Как хорошо получилось, что родина от меня на востоке, что, стоя перед иконами алтарей и перед домашним иконостасом, я обращаюсь не просто к ожиданию Пришествия Христова, но и к родине.
Как царственно сияли эти четыре дня, как, думаю, отдыхал мой ангел-хранитель, зная, что на родине ничего со мною, кроме хорошего, не случится. Вот я сижу в теплоте и темноте прохладной ночи около окна, на которое не смел и глянуть сорок лет назад. Сорок! Взмах ресниц, как говорят на Востоке. Цокали где-то по асфальту каблучки, конечно, красавицы; далеко на окраине внезапно трещала бензопила и глохла, пропархивали мотоциклы, и снова успокаивалась тишина. Даже петухи не кричали, а отмечались вполголоса. Я замирал, сливаясь с тишиной, с селом, со звездами и новой луной над ним, и не было ничего на свете, кроме моего села. Нет, не хочу даже думать, что с Кильмезью может что-то случиться, нет, она вне времен. Она одна такая, она легко, по праву своей красоты, сохранится хотя бы для того, чтобы люди знали, каким должно быть русское селение.
Как милосердие валил меня сон в номере на втором этаже гостиницы, но уже раным-рано я вставал и шел, ступая неотдохнувшими, гудящими ногами по пустому селу. Все откликалось мне: особенно старые заборы, серебряные крыши, знакомые дома. Кто-то останавливал, с кем-то говорил, но настолько это все было неважно, главное было - я в Кильмези. Это как с любимой: разве важно, о чем говоришь, лишь бы любимая была рядом. Я боялся громко ступать, причинить боль земле родины, нагибался и гладил ладошкой подорожник.
Конечно, первое, что я надеялся свершить в Кильмези и свершил, -это причастился, отстоял литургию. Второе - пошел на кладбище.
И долго искал могилки дедушки и бабушки. И отчаялся и взмолился: «Бабушка, ну где же ты?» - и открылся крест с надписью. А вот и дедушка. Это по отцу.

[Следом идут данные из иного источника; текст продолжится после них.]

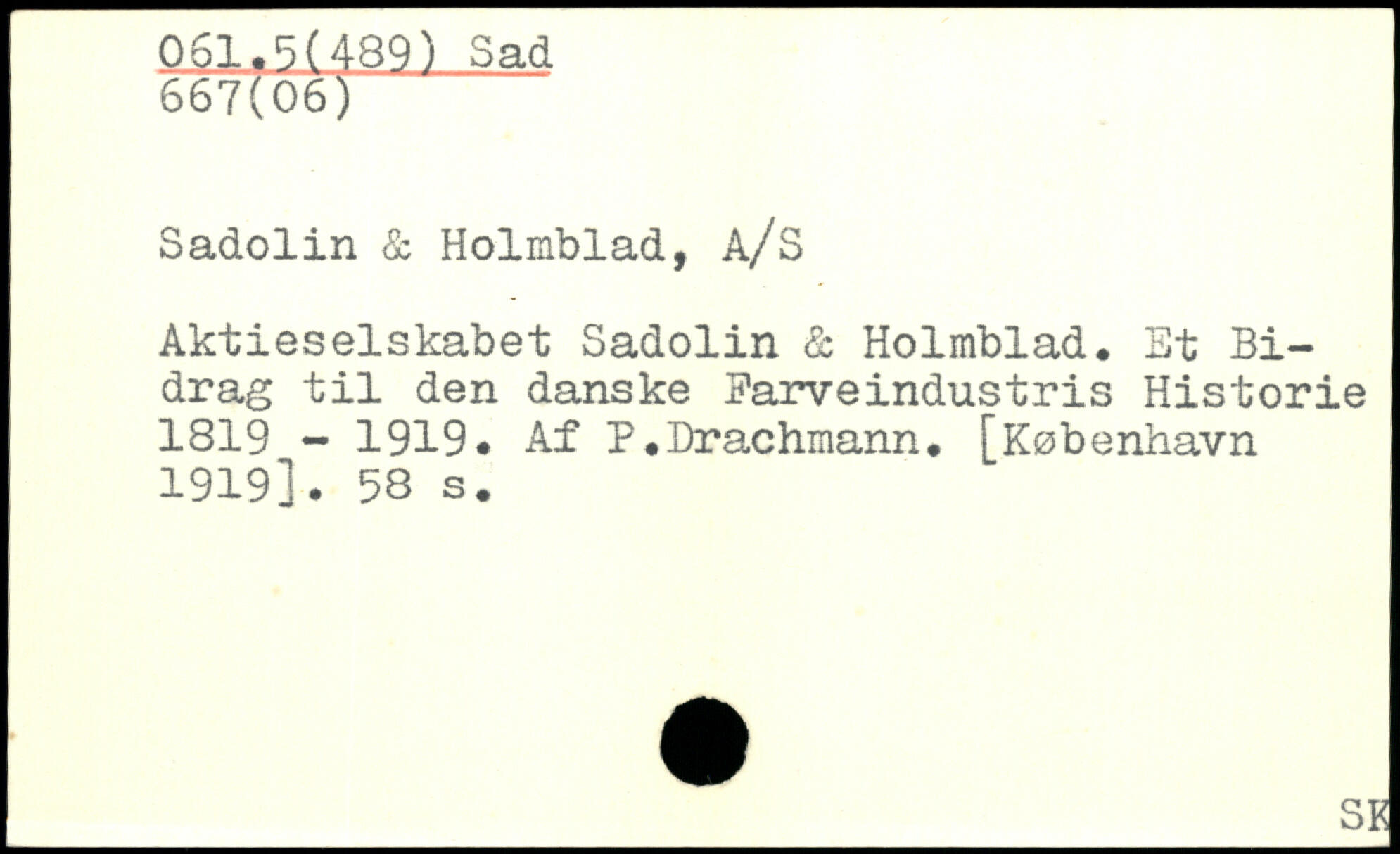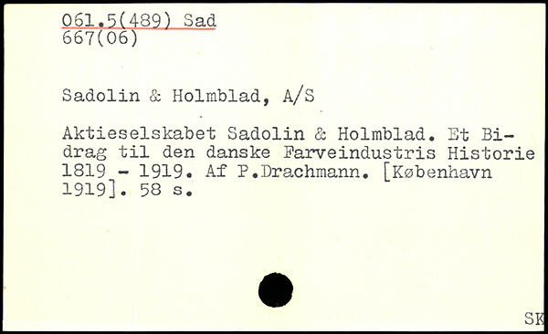 Aktieselskabet Sadolin & Holmblad. Et Bidrag til den danske Parveindustris Historie 1819 - 1919. Af P.Drachmann.

А день спустя был на могилках дедушки и бабушки по маме. И тоже долго искал, и тоже взмолился, и тоже нашел. И пал на могилку, и долго и счастливо плакал... Дай Бог доброго здоровья отцу Александру: мы отслужили в память об ушедших от нас панихидку.
Я пишу, я как будто отчитываюсь перед любящей меня женщиной за эти дни разлуки с нею. Милая, мы так быстро промчим дни от колыбели до гроба, видишь эти серые светлые падающие кресты и одолевающую их крапиву, мы с тобою так на мало пришли в этот мир, дни наши кратки, а родина вечна. В Кильмези я почувствовал вечность. Особенно в Троицком, особенно на месте той церкви, около которой был пионерский лагерь, которого я, совсем мальчишкой, был начальником. Церкви нет. Как нет? Да так и нет. Разобрали и использовали при строительстве дороги. И мы несемся по этой дороге с большой скоростью, чтобы принестись к пустому месту. Но Бог так благоволил, что бывшие стены и алтарь храма четко отмечены березками и очертание церкви взывает к молитве.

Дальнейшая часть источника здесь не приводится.